How to complete this task - Take the line that contains "1*Digital Meat Thermometer(No" and each line after it to the end of the material below, and return them exactly, minus the pictures.

Provided material -
>>>
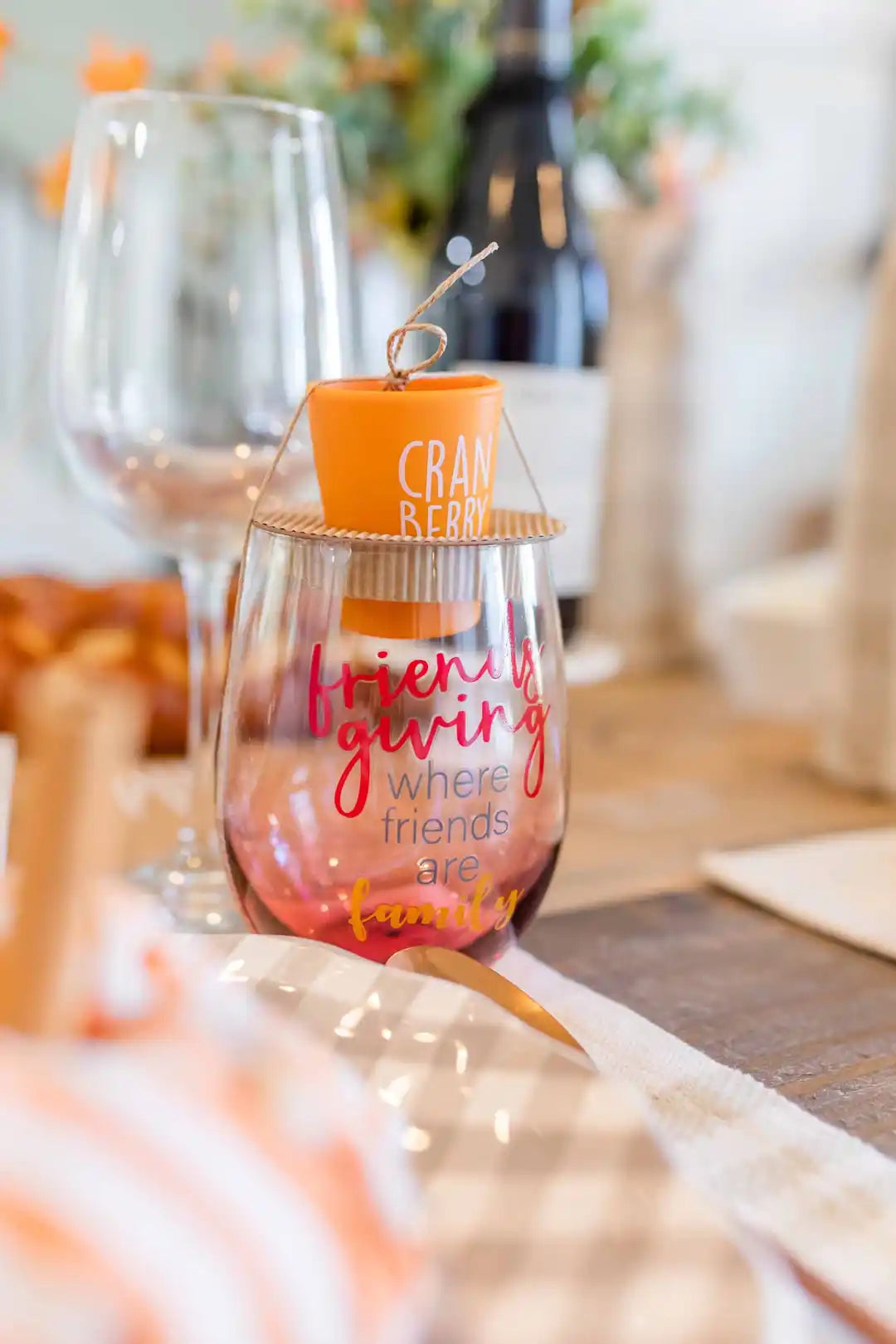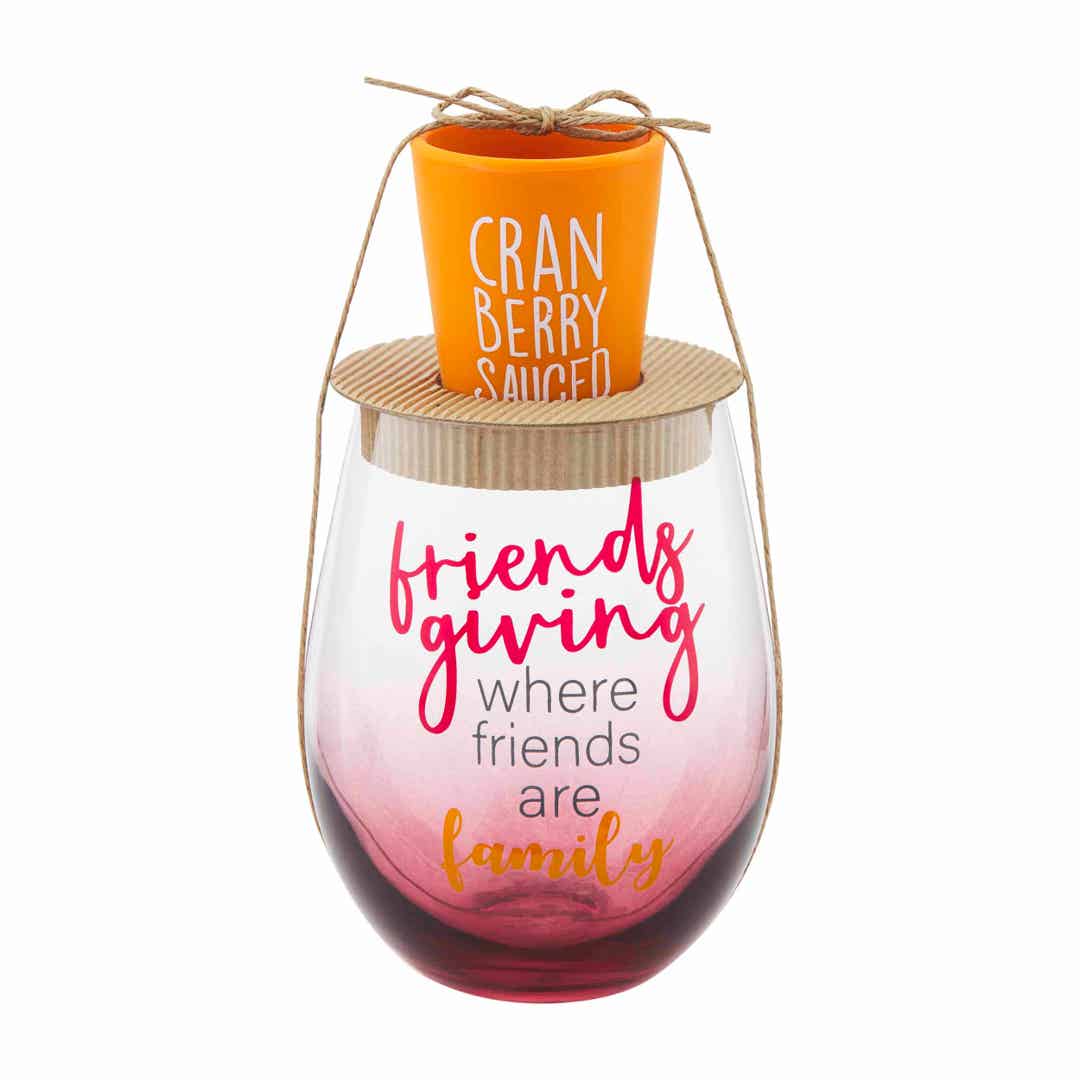 Let's get basted this Thanksgiving with our Cranberry Sauced Wine and Shot Glass Set. The two piece set comes with an ombre stemless wine glass that reads "Friendsgiving where friends are family". The wine glass comes with a silicone shot glass that features the sentiment "Cran Berry Sauced".
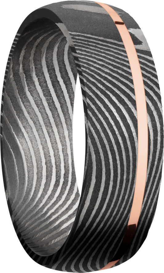 Handmade 7mm Damascus steel band with an off center inlay of 14K rose gold
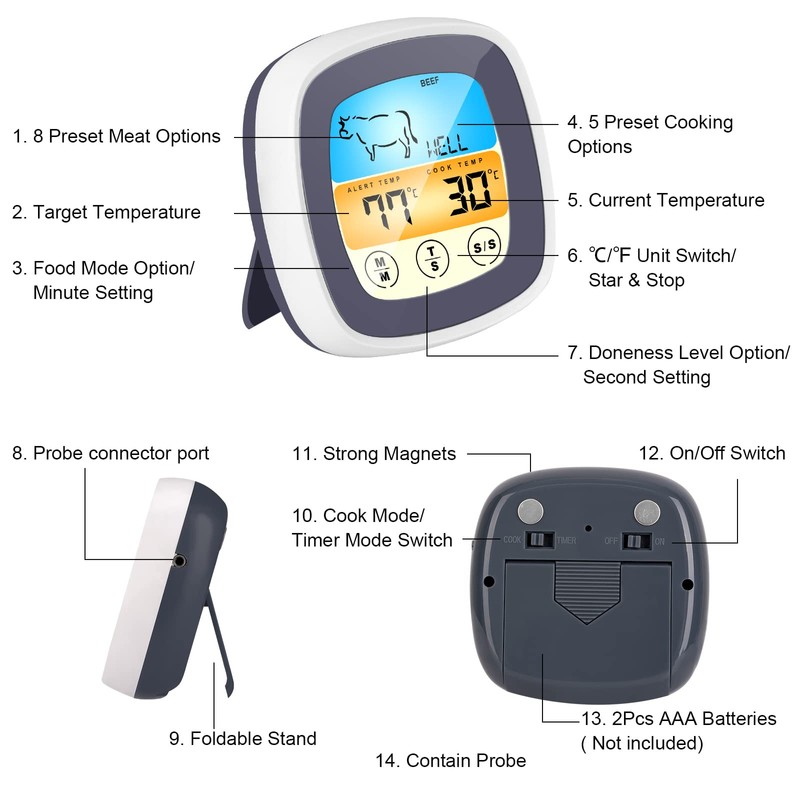 1*Digital Meat Thermometer(No include 2 AAA batteries)
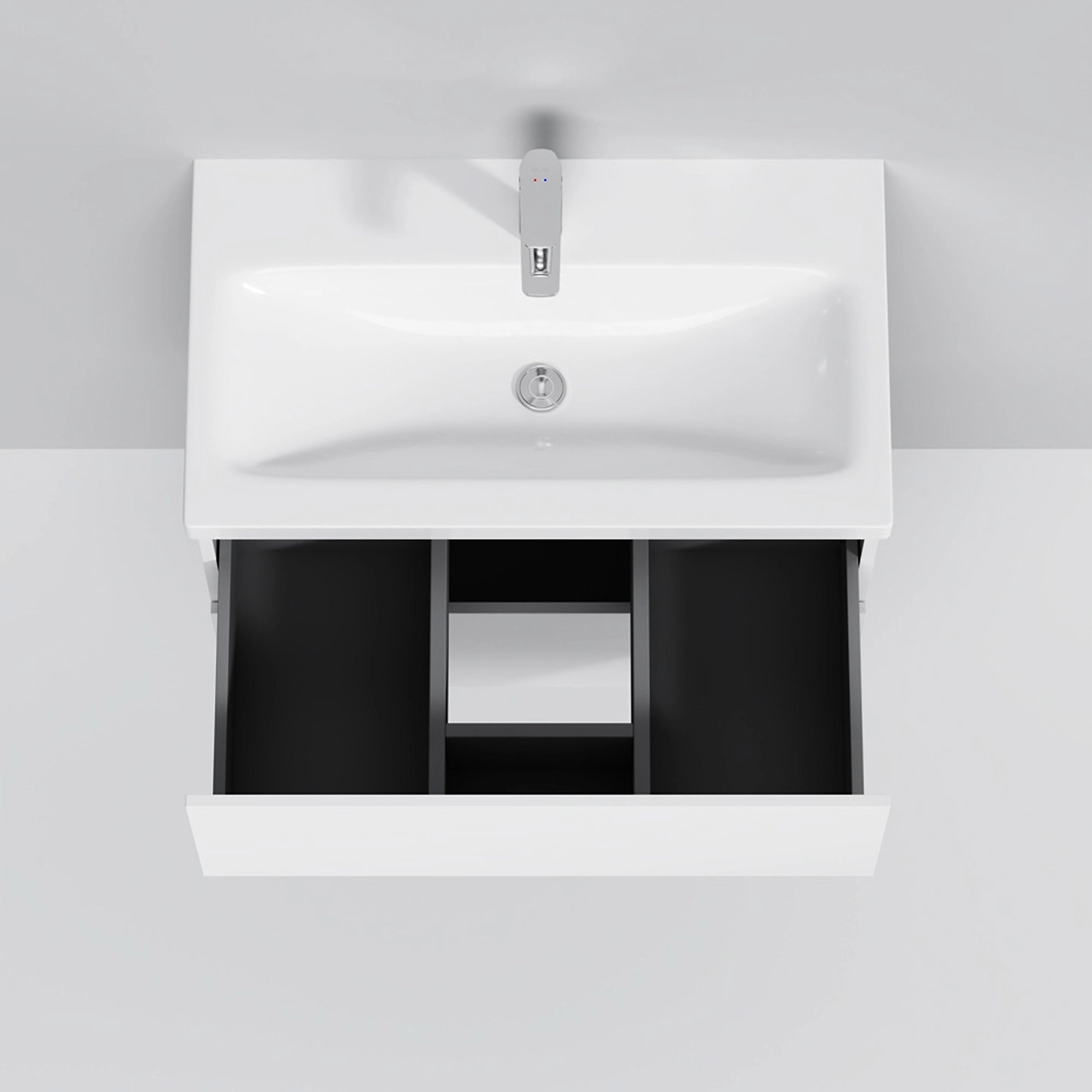Тумба AM.PM GEM монтируется на стену, используется совместно с раковиной шириной 75 см.
<<<
Your solution -
 1*Digital Meat Thermometer(No include 2 AAA batteries)
Тумба AM.PM GEM монтируется на стену, используется совместно с раковиной шириной 75 см.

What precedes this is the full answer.